◆ EXERCISE AIM ◆
Transcribe exactly, and only, the lines running from the one with "Master the unique" to the end of the entries below, both included, without any pictures.

◆ Stored data entries ◆
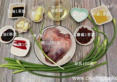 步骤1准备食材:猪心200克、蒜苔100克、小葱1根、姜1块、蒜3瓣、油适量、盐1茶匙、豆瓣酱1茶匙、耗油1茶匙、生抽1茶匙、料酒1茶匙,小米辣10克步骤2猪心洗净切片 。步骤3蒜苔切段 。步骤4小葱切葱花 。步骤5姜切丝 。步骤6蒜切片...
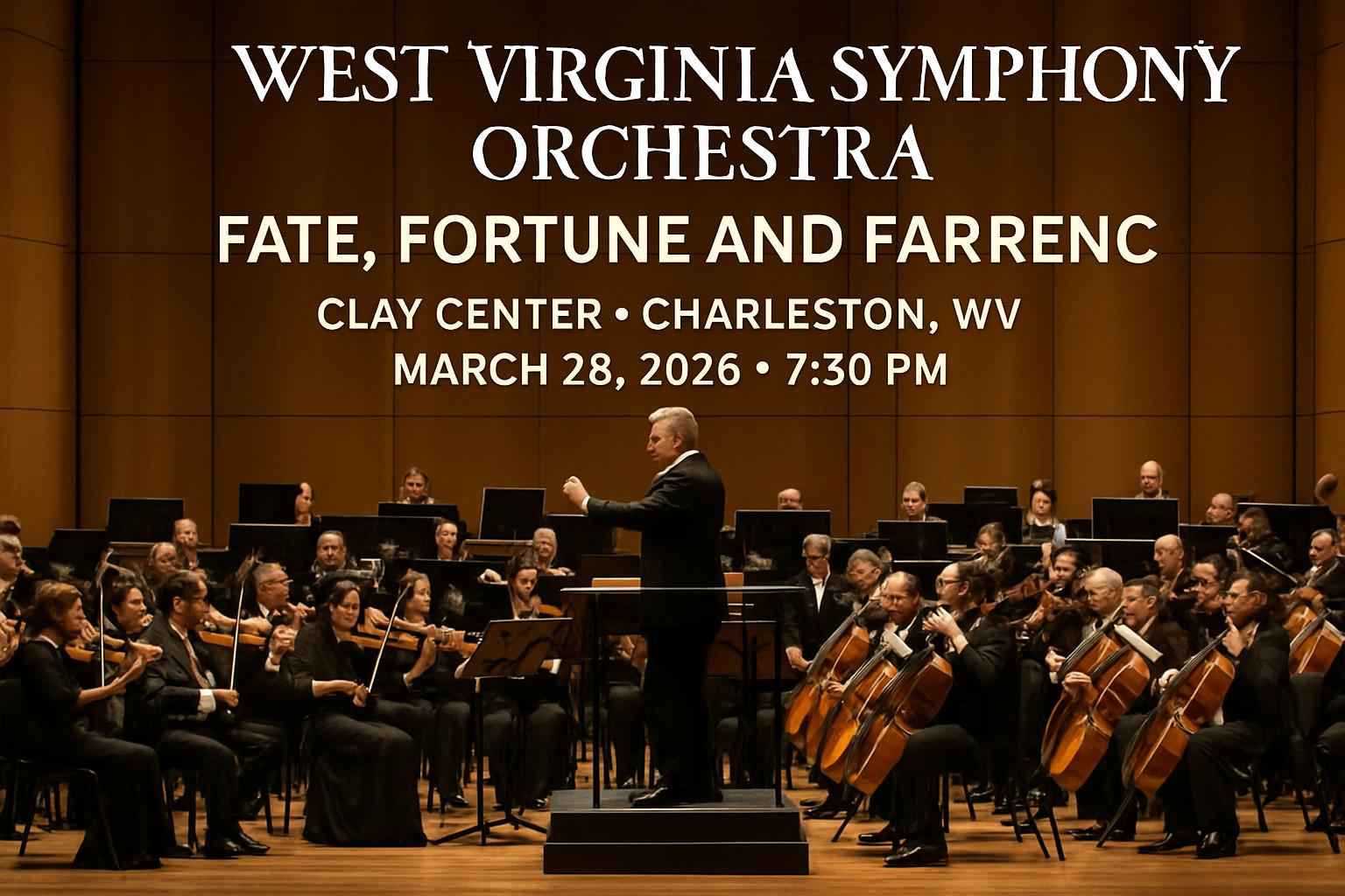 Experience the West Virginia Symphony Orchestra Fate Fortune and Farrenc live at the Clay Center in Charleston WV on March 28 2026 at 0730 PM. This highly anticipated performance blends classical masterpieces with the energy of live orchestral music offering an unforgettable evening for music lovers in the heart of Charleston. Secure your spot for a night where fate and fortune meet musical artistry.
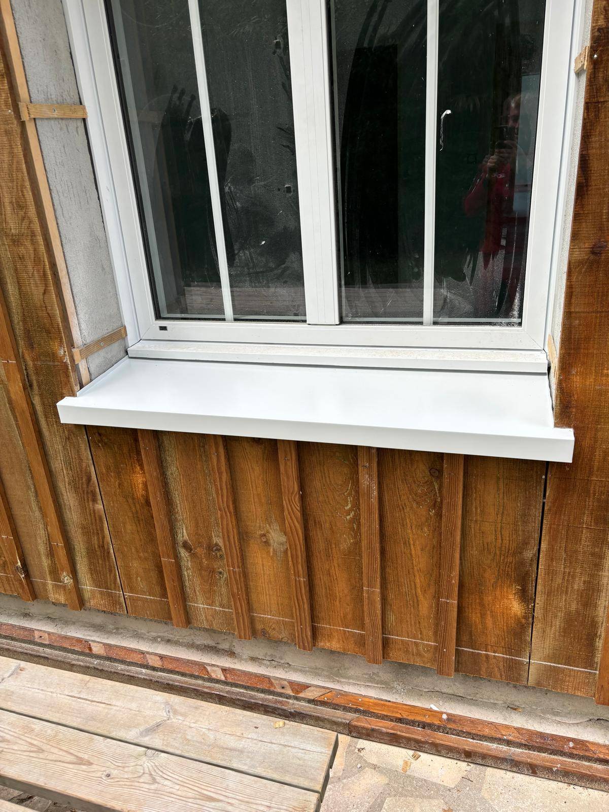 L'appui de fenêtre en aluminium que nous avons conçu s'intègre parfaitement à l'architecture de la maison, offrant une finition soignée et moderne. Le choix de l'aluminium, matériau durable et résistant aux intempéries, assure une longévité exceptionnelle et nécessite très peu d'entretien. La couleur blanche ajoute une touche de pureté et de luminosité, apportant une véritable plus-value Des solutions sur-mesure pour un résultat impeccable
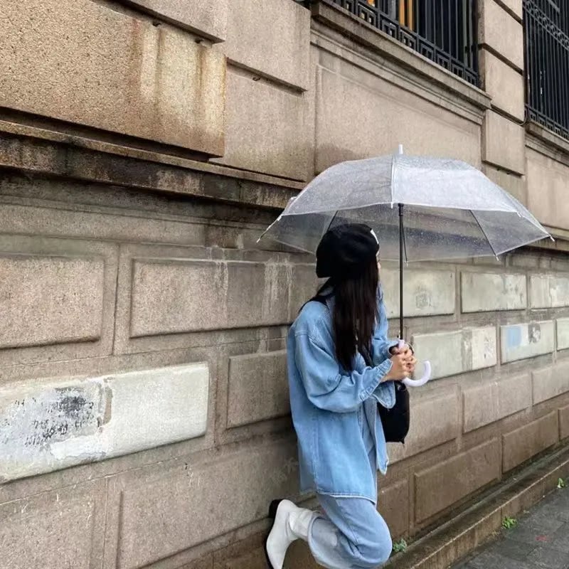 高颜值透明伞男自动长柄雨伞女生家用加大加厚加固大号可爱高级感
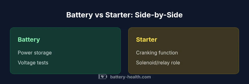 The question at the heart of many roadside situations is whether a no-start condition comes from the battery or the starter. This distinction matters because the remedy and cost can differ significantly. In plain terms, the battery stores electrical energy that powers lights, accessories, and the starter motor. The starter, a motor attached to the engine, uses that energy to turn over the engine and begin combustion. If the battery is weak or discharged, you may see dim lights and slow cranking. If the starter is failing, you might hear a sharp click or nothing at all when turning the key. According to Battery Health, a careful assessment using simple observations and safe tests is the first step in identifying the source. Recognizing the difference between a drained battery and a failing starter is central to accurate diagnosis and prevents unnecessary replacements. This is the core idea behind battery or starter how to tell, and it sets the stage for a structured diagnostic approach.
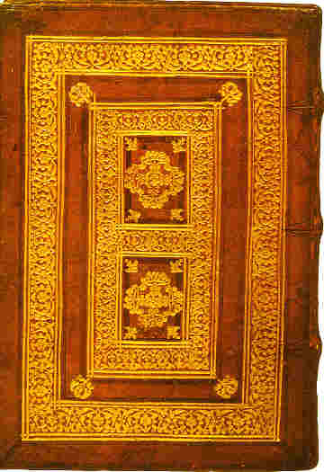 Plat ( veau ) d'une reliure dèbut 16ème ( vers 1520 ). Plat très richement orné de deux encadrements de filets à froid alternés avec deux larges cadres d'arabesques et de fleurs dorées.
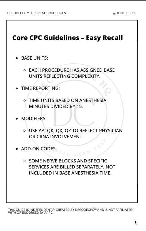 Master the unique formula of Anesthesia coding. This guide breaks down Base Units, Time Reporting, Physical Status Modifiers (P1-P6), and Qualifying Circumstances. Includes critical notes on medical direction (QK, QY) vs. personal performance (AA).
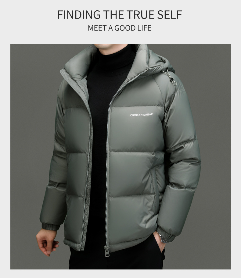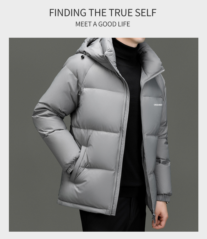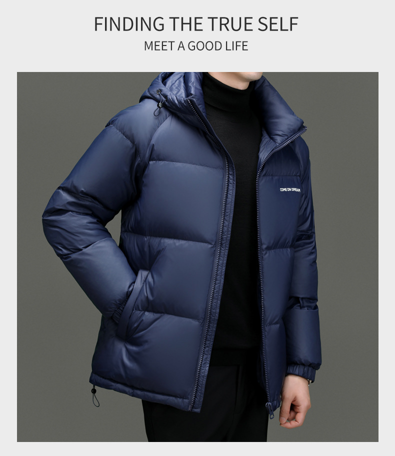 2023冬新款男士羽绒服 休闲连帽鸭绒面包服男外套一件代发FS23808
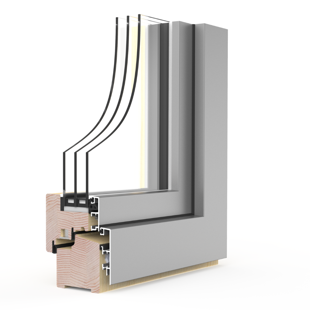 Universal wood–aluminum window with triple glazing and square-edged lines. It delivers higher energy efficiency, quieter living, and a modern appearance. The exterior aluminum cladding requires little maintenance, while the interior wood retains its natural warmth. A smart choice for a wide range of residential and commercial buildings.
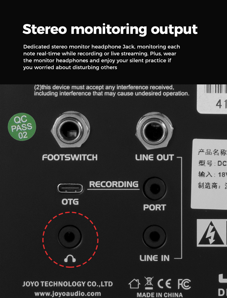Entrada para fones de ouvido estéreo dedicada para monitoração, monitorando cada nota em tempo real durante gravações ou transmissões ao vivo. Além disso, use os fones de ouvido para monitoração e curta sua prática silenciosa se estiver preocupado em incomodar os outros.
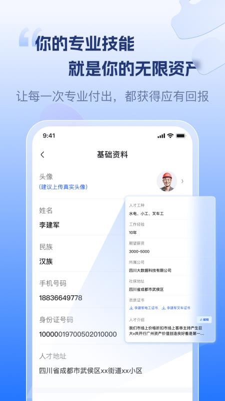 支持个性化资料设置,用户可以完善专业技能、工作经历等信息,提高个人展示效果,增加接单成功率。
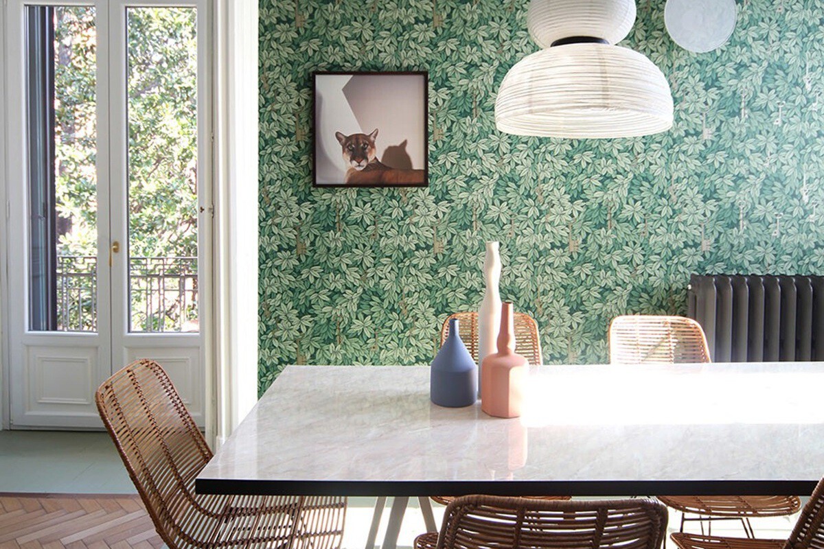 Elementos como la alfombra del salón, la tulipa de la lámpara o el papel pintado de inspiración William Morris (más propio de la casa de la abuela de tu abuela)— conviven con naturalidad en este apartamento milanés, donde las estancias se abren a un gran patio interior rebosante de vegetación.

◆ WRITTEN SOLUTION ◆
 Master the unique formula of Anesthesia coding. This guide breaks down Base Units, Time Reporting, Physical Status Modifiers (P1-P6), and Qualifying Circumstances. Includes critical notes on medical direction (QK, QY) vs. personal performance (AA).
 2023冬新款男士羽绒服 休闲连帽鸭绒面包服男外套一件代发FS23808
 Universal wood–aluminum window with triple glazing and square-edged lines. It delivers higher energy efficiency, quieter living, and a modern appearance. The exterior aluminum cladding requires little maintenance, while the interior wood retains its natural warmth. A smart choice for a wide range of residential and commercial buildings.
Entrada para fones de ouvido estéreo dedicada para monitoração, monitorando cada nota em tempo real durante gravações ou transmissões ao vivo. Além disso, use os fones de ouvido para monitoração e curta sua prática silenciosa se estiver preocupado em incomodar os outros.
 支持个性化资料设置,用户可以完善专业技能、工作经历等信息,提高个人展示效果,增加接单成功率。
 Elementos como la alfombra del salón, la tulipa de la lámpara o el papel pintado de inspiración William Morris (más propio de la casa de la abuela de tu abuela)— conviven con naturalidad en este apartamento milanés, donde las estancias se abren a un gran patio interior rebosante de vegetación.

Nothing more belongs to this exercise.